◆ **Provided information**:
--- START ---

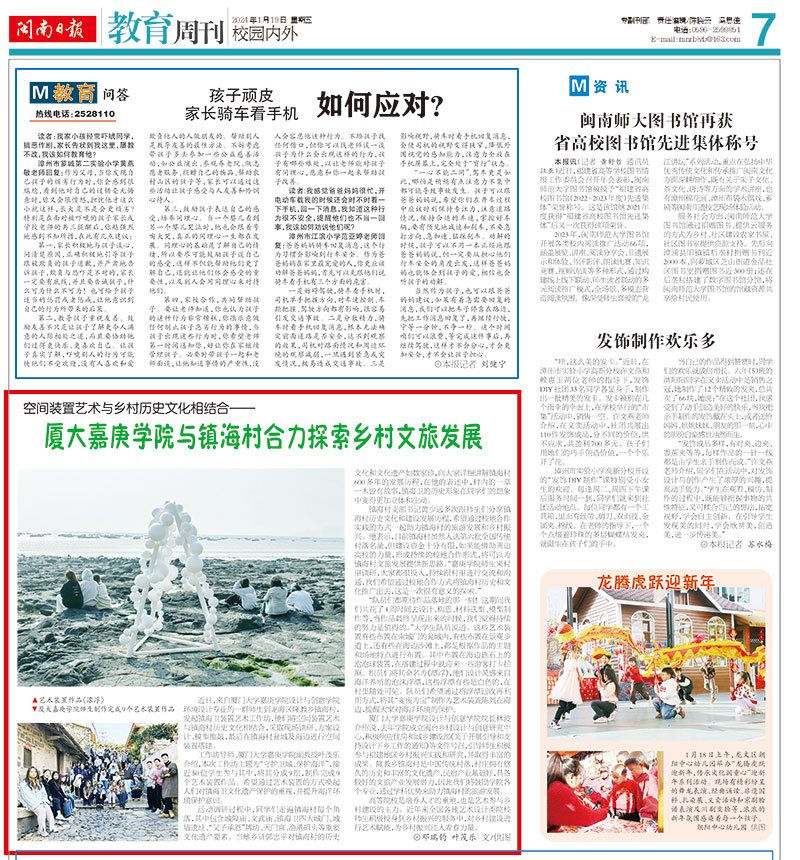 鎮(zhèn)海村支部書記黃少遠(yuǎn)多次跟師生們分享鎮(zhèn)海村歷史文化和建設(shè)發(fā)展歷程,希望通過校地合作實(shí)踐的方式一起助力鎮(zhèn)海村的旅游發(fā)展和鄉(xiāng)村振興。他表示,目前鎮(zhèn)海村雖然入選第六批全國(guó)傳統(tǒng)村落名錄,但建設(shè)資金十分有限,如果能借助周邊高校的力量,形成持續(xù)的校地合作形式,將可以為鎮(zhèn)海村文旅發(fā)展提供新思路。“嘉庚學(xué)院師生來(lái)村里調(diào)研,大家都很投入,持續(xù)跟村里進(jìn)行交流和溝通,我們希望通過校地合作方式將鎮(zhèn)海村歷史和文化推廣出去,這是一次很有意義的探索。”
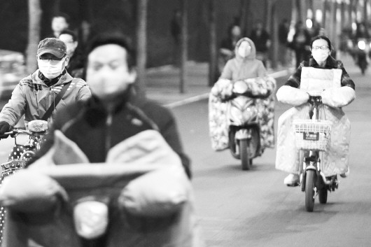 2日晚间,省城济南空气质量出现轻度污染。受气温及空气质量影响,不少市民出行佩戴了口罩。 本报记者 戴伟 摄
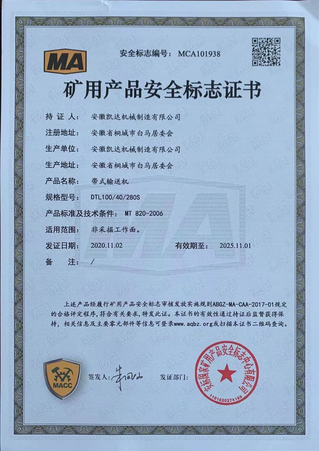 礦用產(chǎn)品安全標(biāo)志證書-帶式輸送機27
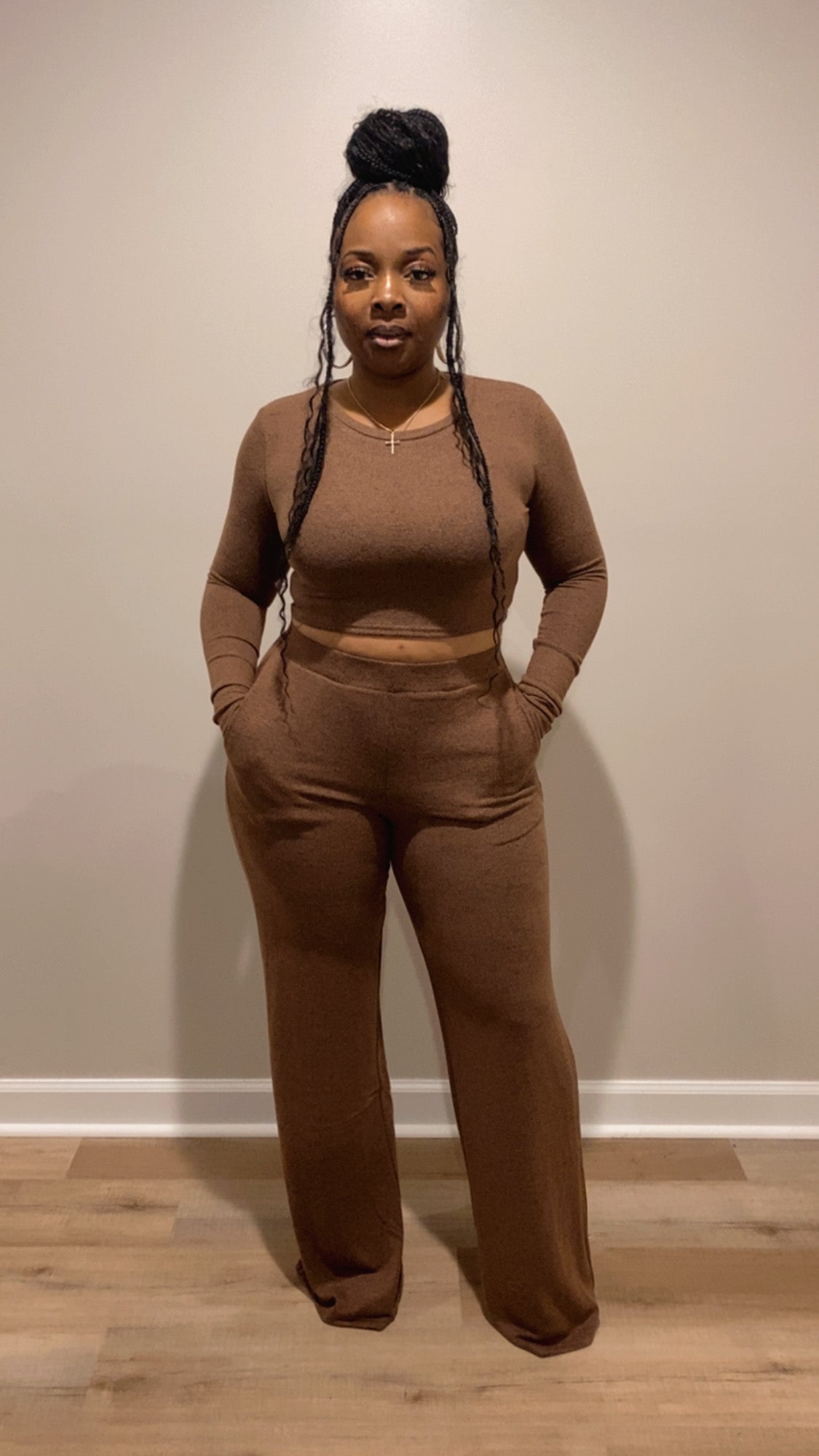 Our “RiRi Set” Features: Great stretch, long sleeve crop top, high waist pants with elastic waist and pockets no closure.
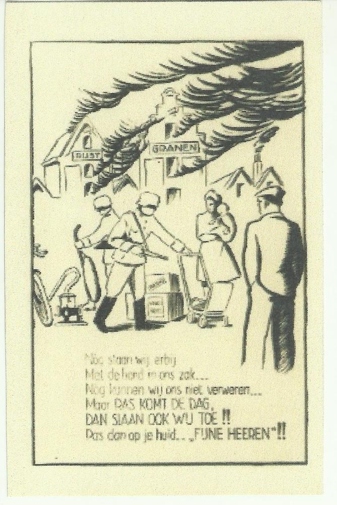 rijen huizen met er achter rook. Tekst: "Brandend R'...
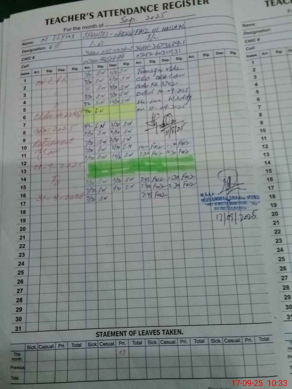 | Name: IH**** UL**** Designation: (School Headmaster's/Headmistress's) SST GEN Phone/Cell Number: 03**** |
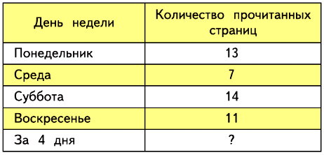 №14. Дима прочитал книгу за 4 дня. Количество страниц, которые он прочитывал за день, Дима записал в такой таблице. Вычисли, сколько страниц в этой книге.
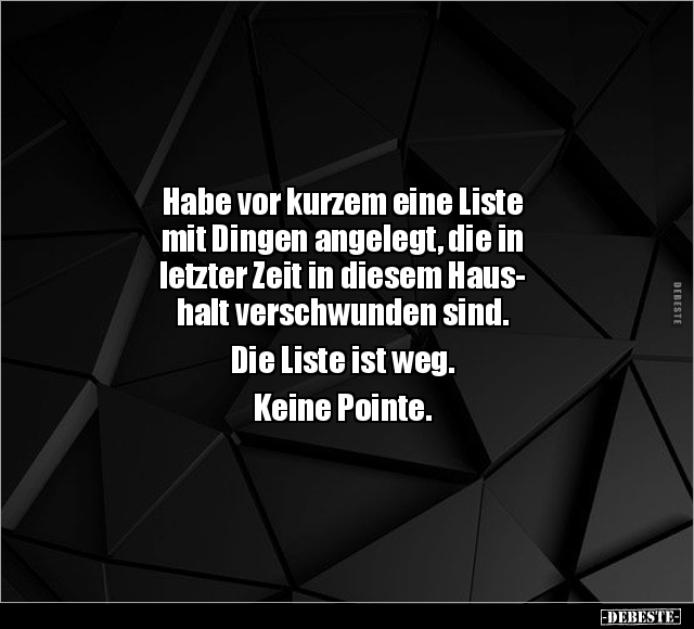 Habe vor kurzem eine Liste mit Dingen angelegt, die in letzter Zeit in diesem Haus- halt verschwunden sind. Die Liste ist weg. Keine Pointe.
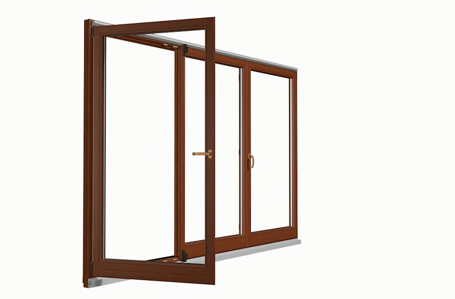 Vervolgens kiest u de openingsrichting. Zo kunnen alle elementen compact als een harmonica naar links of naar rechts worden samengevouwen. Ook is een variant mogelijk met aan één zijde een normale draaivleugel en aan de andere zijde een vouwsysteem.
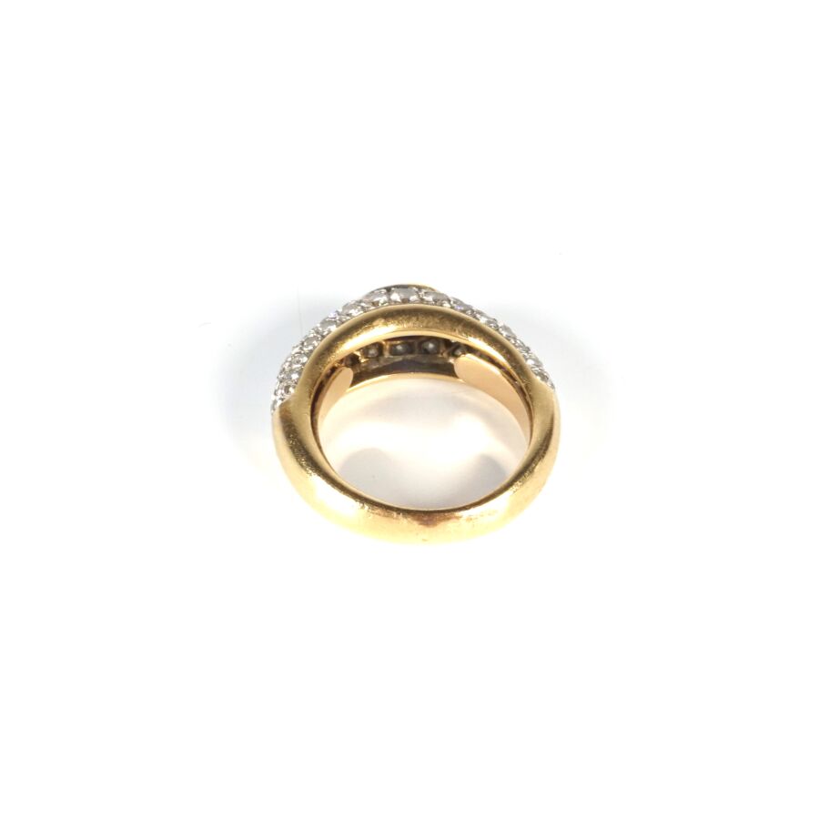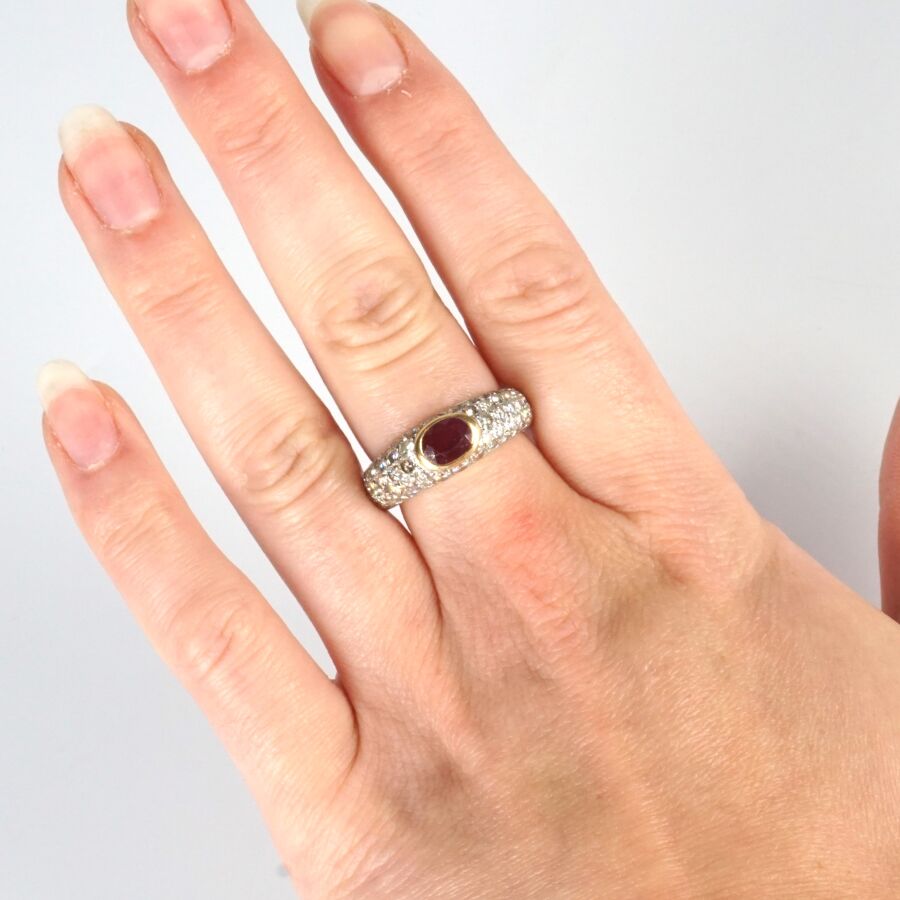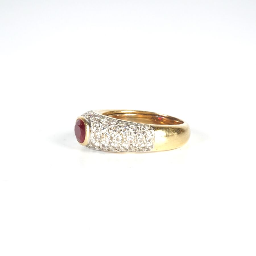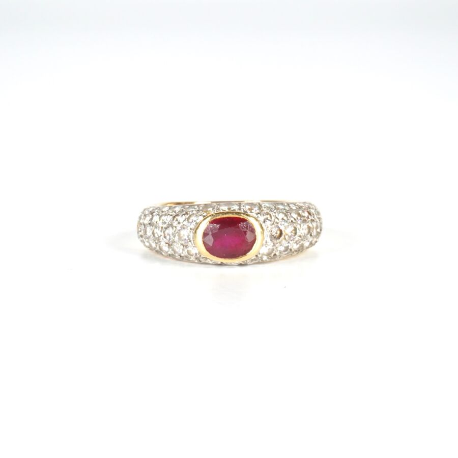 Bague jonc en or jaune 18K (750/oo), anneau bombé serti au centre d'un rubis de taille ovale (D. 6 x 4.8 mm) dans un entourage de 70 diamants ronds (D. de 1 mm à 2 mm), TDD. 57. Larg. 7 mm. Poids brut : 8.8 g environ (égrisures au rubis).

--- END ---

◆ **Task objective**: Your reply is the full set of entries reproduced exactly, with images omitted.

◆ **Response**:
 鎮(zhèn)海村支部書記黃少遠(yuǎn)多次跟師生們分享鎮(zhèn)海村歷史文化和建設(shè)發(fā)展歷程,希望通過校地合作實(shí)踐的方式一起助力鎮(zhèn)海村的旅游發(fā)展和鄉(xiāng)村振興。他表示,目前鎮(zhèn)海村雖然入選第六批全國(guó)傳統(tǒng)村落名錄,但建設(shè)資金十分有限,如果能借助周邊高校的力量,形成持續(xù)的校地合作形式,將可以為鎮(zhèn)海村文旅發(fā)展提供新思路。“嘉庚學(xué)院師生來(lái)村里調(diào)研,大家都很投入,持續(xù)跟村里進(jìn)行交流和溝通,我們希望通過校地合作方式將鎮(zhèn)海村歷史和文化推廣出去,這是一次很有意義的探索。”
 2日晚间,省城济南空气质量出现轻度污染。受气温及空气质量影响,不少市民出行佩戴了口罩。 本报记者 戴伟 摄
 礦用產(chǎn)品安全標(biāo)志證書-帶式輸送機27
 Our “RiRi Set” Features: Great stretch, long sleeve crop top, high waist pants with elastic waist and pockets no closure.
 rijen huizen met er achter rook. Tekst: "Brandend R'...
 | Name: IH**** UL**** Designation: (School Headmaster's/Headmistress's) SST GEN Phone/Cell Number: 03**** |
 №14. Дима прочитал книгу за 4 дня. Количество страниц, которые он прочитывал за день, Дима записал в такой таблице. Вычисли, сколько страниц в этой книге.
 Habe vor kurzem eine Liste mit Dingen angelegt, die in letzter Zeit in diesem Haus- halt verschwunden sind. Die Liste ist weg. Keine Pointe.
 Vervolgens kiest u de openingsrichting. Zo kunnen alle elementen compact als een harmonica naar links of naar rechts worden samengevouwen. Ook is een variant mogelijk met aan één zijde een normale draaivleugel en aan de andere zijde een vouwsysteem.
 Bague jonc en or jaune 18K (750/oo), anneau bombé serti au centre d'un rubis de taille ovale (D. 6 x 4.8 mm) dans un entourage de 70 diamants ronds (D. de 1 mm à 2 mm), TDD. 57. Larg. 7 mm. Poids brut : 8.8 g environ (égrisures au rubis).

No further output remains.